**TO DO**:
Go to the line below that has "കേന്ദ്ര സാഹിത്യ അക്കാദമി", print it and each line after it exactly, and stop after the line that has "ICHI Gebreide jurk ‘IHLULS’ lichtbeige"; leave out pictures.

**DATASET EXCERPT**:
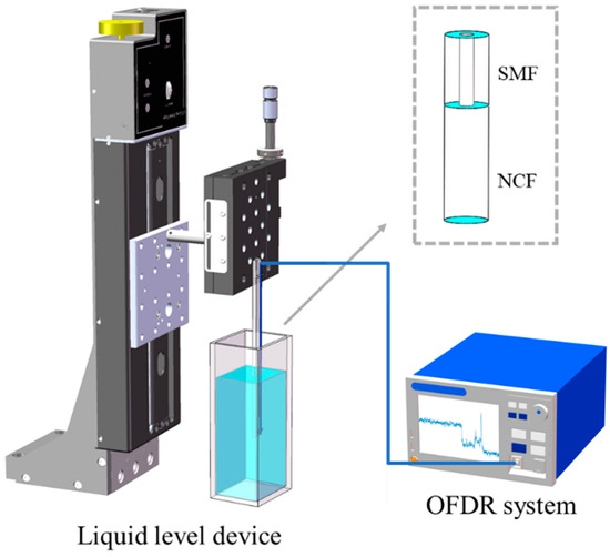 Figure 4 shows the experimental setup used for liquid-level sensing. The homemade OFDR system [27] was connected with the liquid-level sensor. An NCF with a diameter of 125 µm was mounted on the electric lifting platform with a step resolution of 1 µm, and the electric lifting platform enabled the optical fiber to be slowly inserted into the oil. The sensing fiber is tensioned to be straightened and suspended from the glass plate so as to vertically immerse it into the oil. Since the refractive indices of oils are very similar, and they are basically slightly larger than the refractive index of the optical fiber (n(SiO2) = 1.449), this paper uses stable and easily accessible glycerin (n(glycerin) = 1.473) for the experiment. In these experiments, the tunable light source is a Luna laser (Phoenix 1400) with a wavelength sweeping range from 1515 to 1565 nm. The laser scanning speed is set to 100 nm/s, the sampling rate of the DAQ is 80 MHz, the acquisition time is 0.4096 s, and the corresponding laser sweep range is 40.96 nm. Hence, the spatial resolution of the OFDR system is 20 μm according to Equation (4). Since the OFDR system has the characteristics of high spatial resolution and real-time monitoring, the liquid level can be reflected in the distance domain of OFDR, so the OFDR system can be used to achieve high-precision, real-time monitoring of the liquid level.
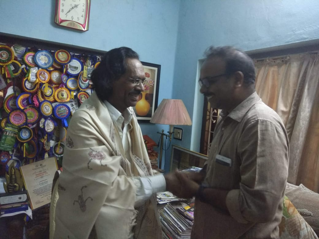 കേന്ദ്ര സാഹിത്യ അക്കാദമി അവാർഡ് നേടിയ എസ് രമേശൻനായർ സാറിന്റെ വസതിയിൽ എത്തി ബാലഗോകുലം സംസ്ഥാന അദ്ധ്യക്ഷൻ ശ്രീ കെ പി ബാബുരാജൻ മാഷ് ആദരിച്ചപ്പോൾ.
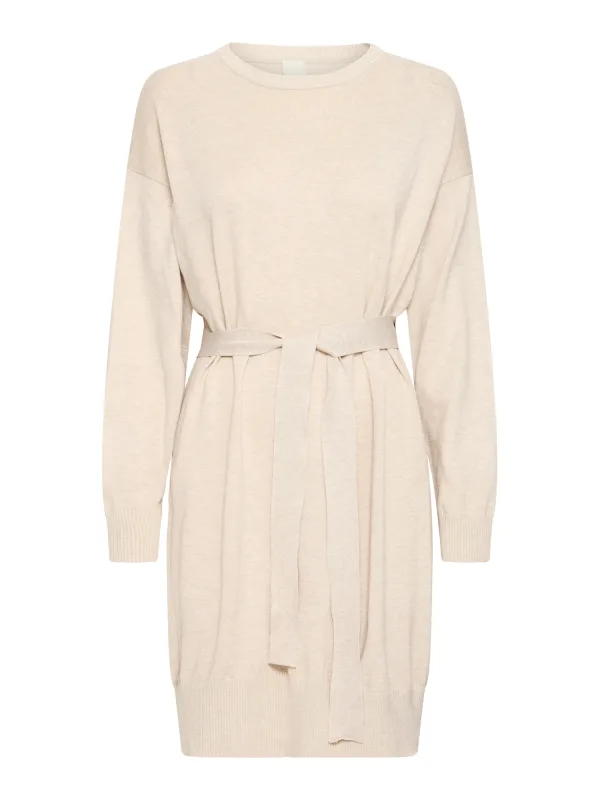ICHI Gebreide jurk ‘IHLULS’ lichtbeige
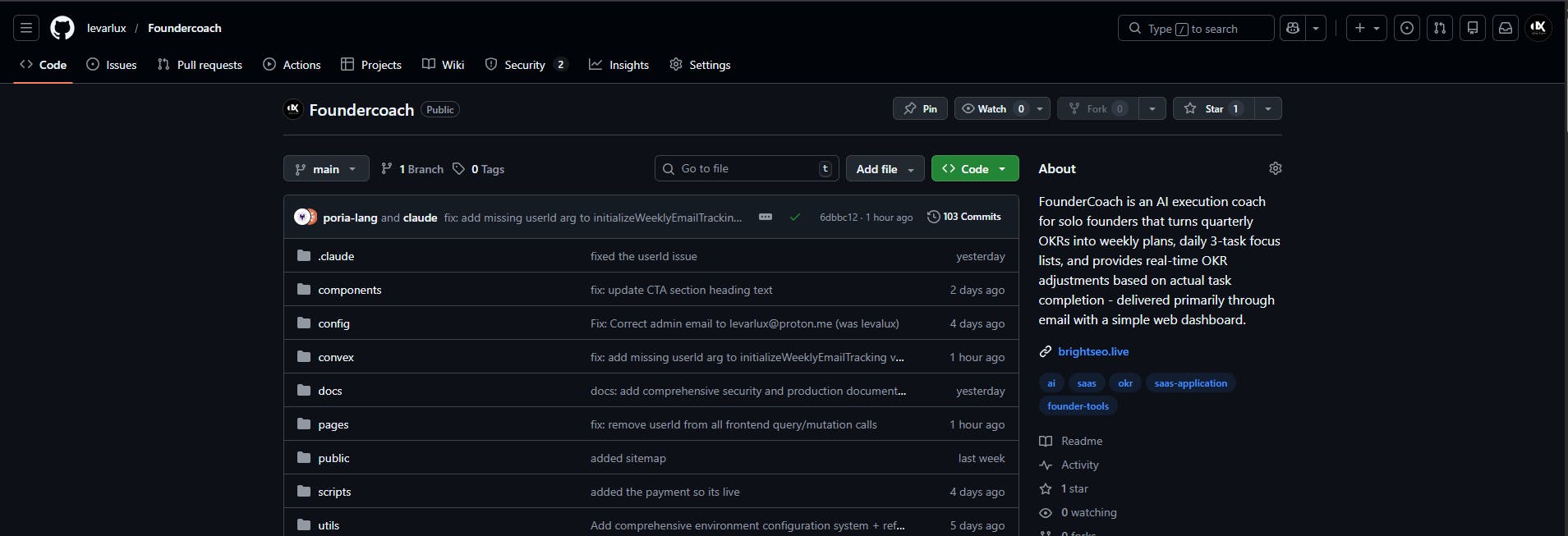 Founder Coach is an open-source OKR tracker with a built‑in AI coach, designed for solo founders and tiny teams that hate traditional OKR tools.

**EXERCISE OUTPUT**:
 കേന്ദ്ര സാഹിത്യ അക്കാദമി അവാർഡ് നേടിയ എസ് രമേശൻനായർ സാറിന്റെ വസതിയിൽ എത്തി ബാലഗോകുലം സംസ്ഥാന അദ്ധ്യക്ഷൻ ശ്രീ കെ പി ബാബുരാജൻ മാഷ് ആദരിച്ചപ്പോൾ.
ICHI Gebreide jurk ‘IHLULS’ lichtbeige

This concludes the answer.